▸ Assignment: Please copy the lines below, exactly as they are, from the one with "Rentrée scolaire /" through the one with "Take the guesswork", and leave out the pictures.

Collection entries:
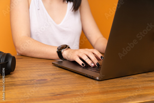 adult, boss, brunette, business, caucasian, computer, document, executive, female, girl, hispanic, cyberspace, lady, laptop, office, people, person, professional, sitting, table, technology, woman, woman, work, working, young
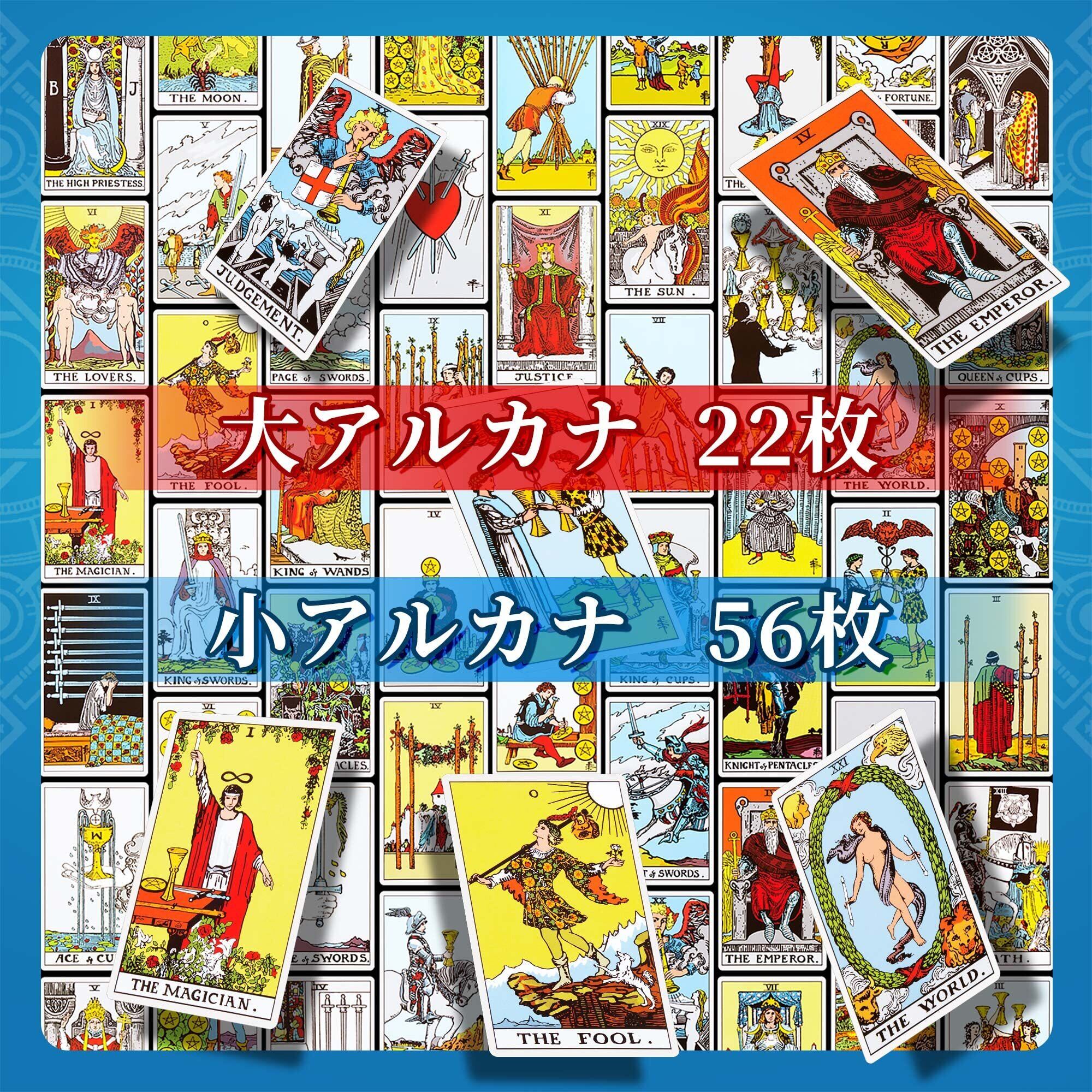 サイズ: カード:7cm×12cm 日本語解説書: 8cm×12.6cm カード枚数:78枚 (大アルカナ22枚 小アルカナ56枚)
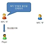 게임을 플레이하다보면, 특히나 MMORPG 장르에서 쉽게 볼 수 있는 퀘스트 중에 하나가 배달 퀘스트다. 내가 테스트하는 게임도 어느 정도 MMORPG적인 요소가 있다보니, 게임 진행 중간중간에 배달 퀘스트가 부여된다. 최근 이와 관련한 이슈 중 개인적으로 이해하기 힘든 사항을 하나 소개하고자 한다. 그림과 같이 플레이어가 NPC "A"에게 가서 NPC "B"에게 물건을 전해주라는 퀘스트를 받는 상황이다. 그런데 테스트 중에 플레이어가 퀘스트를 받자마자 퀘스트 요약창에 해당 퀘스트가 "Completed" 되었다는 메시지가 떴다. 나는 아직 NPC "B"에게 물건을 전해주지 않은 상태에서 퀘스트가 "완료"되었다고 뜨는 것이 잘못된 것이라고 생각하고 이를 BTS에 등록했다. 며칠이 지나자 해당 이슈에 기획팀..
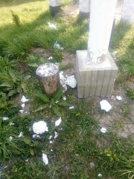 «Наш монастир вкладає свою душу і в нього. Але очевидно комусь не до душі старання братії і всіх причетних до розбудови. Станом на сьогодні - закиданий сміттям (яке братія прибрала перед Великоднем), розбиті ангели біля альтаки, поламаний дитячий майданчик, розібрана бруківка біля прапора, повиривані зелені насадження і поломані гарні сортові дерева», - йдеться в дописі.
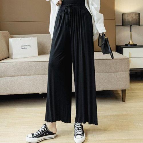 여성 봄 여름 하이웨이스트 타이트핏 플레어 팬츠, 슬림한 다리 롱 블랙 팬츠, 슬림한 여성을 위한 얇은 와이드 팬츠
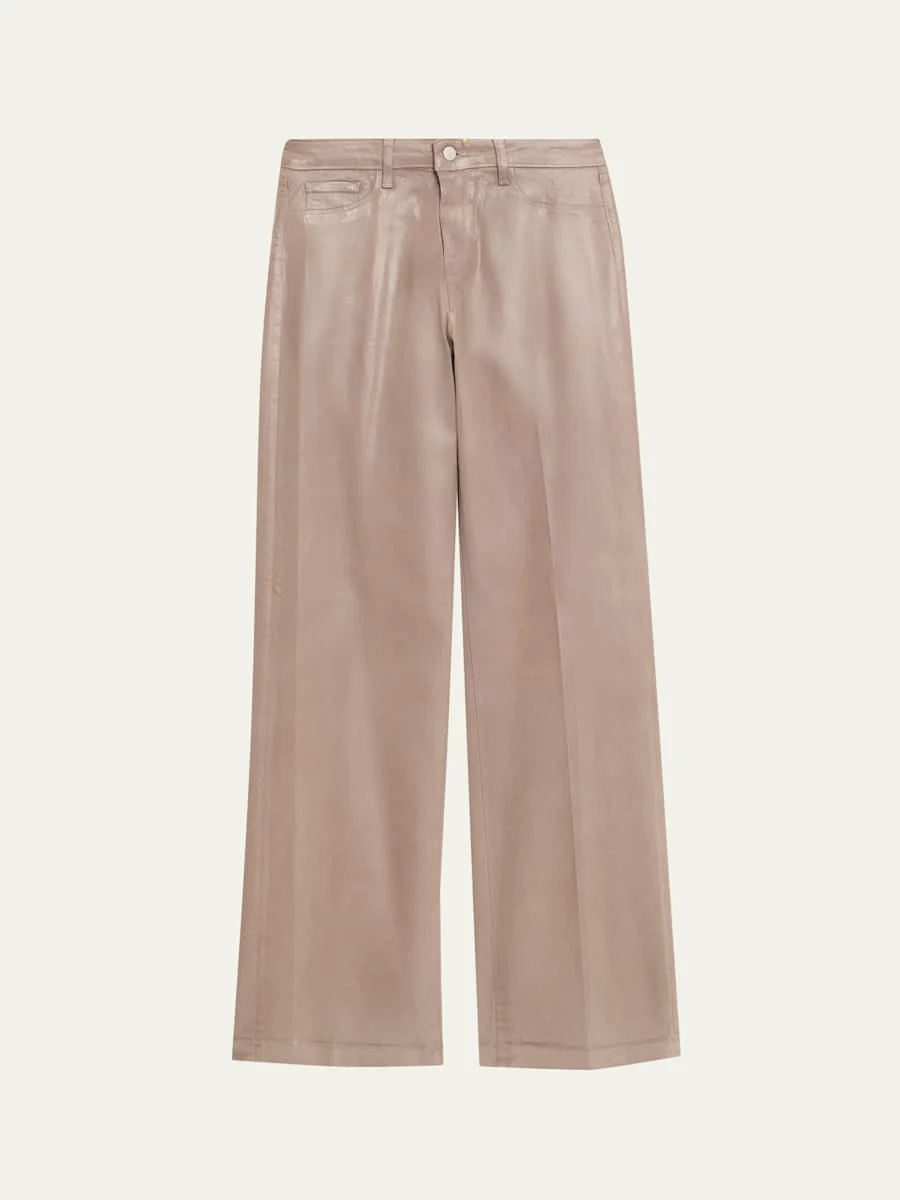 L'Agence "Clayton" wide-leg jeans in coated black stretch-denim Approx. 35" inseam High rise Faux front pockets; back patch pockets Straight fit Full length Button/zip fly; belt loops Cotton/polyester/spandex Made in USA Model is 5'10"/177cm. Online Inquiries: BGS21_T64TV| Store Inquiries: #4902848
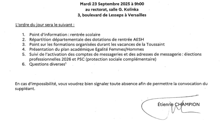 Rentrée scolaire / AESH / Formations / Plan égalité Femmes-Hommes / Messagerie professionnelle |
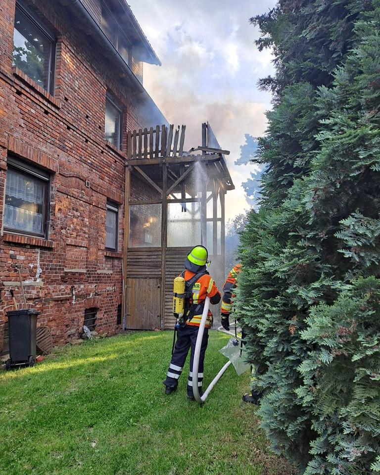 Vor Ort brannte es auf einen Holzbalkon, das Feuer drohte auf den Dachstuhl überzugreifen.
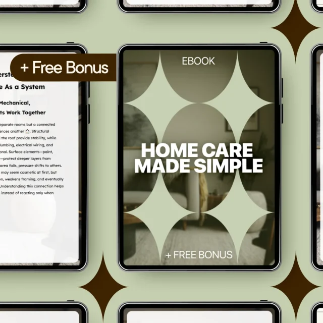 Take the guesswork out of home care and start feeling confident in your space. Download Home Care Made Simple today and give yourself a clear, beginner-friendly roadmap to smarter home maintenance.
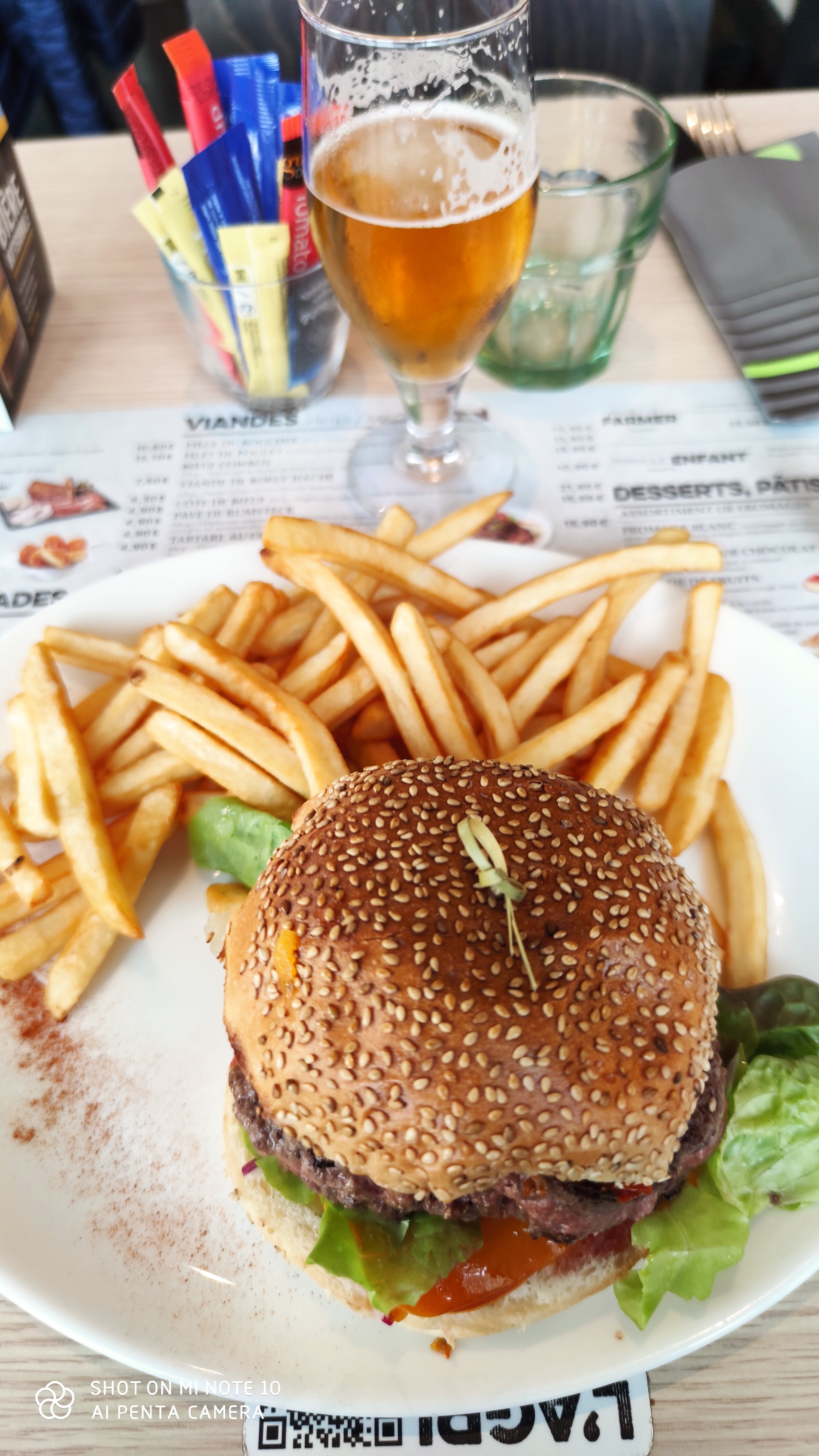 Je n'avais pas le choix du resto en soirée étape et je me suis retrouvé dans cette brasserie. Bof bof c'est vraiment une brasserie bas de gamme et je suis toujours étonné qu'il y ait encore autant de clients qui aiment la mal bouffe pour le prix d'un bon restaurant. Si ça vous plaît pourquoi pas mais on ne m'y reprendra pas. Au fait, je n'ai pas vu les tomates cerises, les petites boules de mozzarella étaient bas de gamme, le cheddar n'était pas fondu, la malheureusement feuille de salade faisait pitié, les frites étaient moins bonnes que chez MacDo c'est dire. Il y a juste la viande qui était correcte.
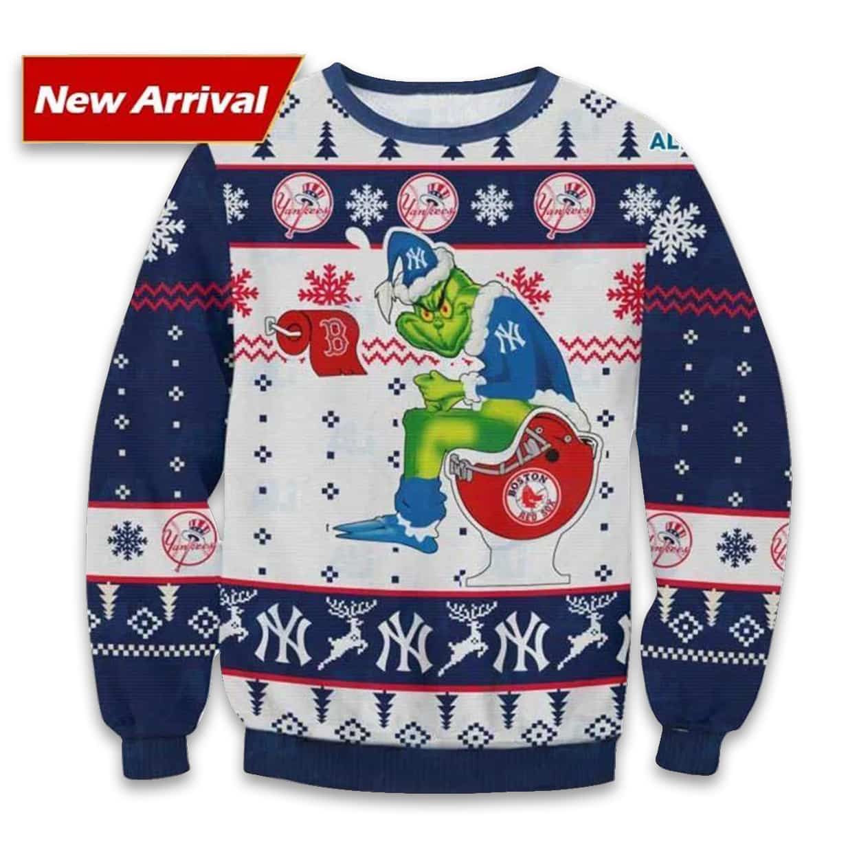 This outrageously festive garment is a definitive statement piece for the passionate New York Yankees enthusiast. The sweater’s construction includes a cozy, quality knit base adorned with a bold, full-chest graphic. The illustration features a Grinch-styled figure in Yankees colors and cap, comically seated on a toilet emblazoned with the Boston Red Sox logo. The pattern is further embellished with classic Yankees pinstripes, logos, holiday snowflakes, and baseball icons, ensuring a visually striking and humorous appearance at any event.

▸ Answer to the problem:
 Rentrée scolaire / AESH / Formations / Plan égalité Femmes-Hommes / Messagerie professionnelle |
 Vor Ort brannte es auf einen Holzbalkon, das Feuer drohte auf den Dachstuhl überzugreifen.
 Take the guesswork out of home care and start feeling confident in your space. Download Home Care Made Simple today and give yourself a clear, beginner-friendly roadmap to smarter home maintenance.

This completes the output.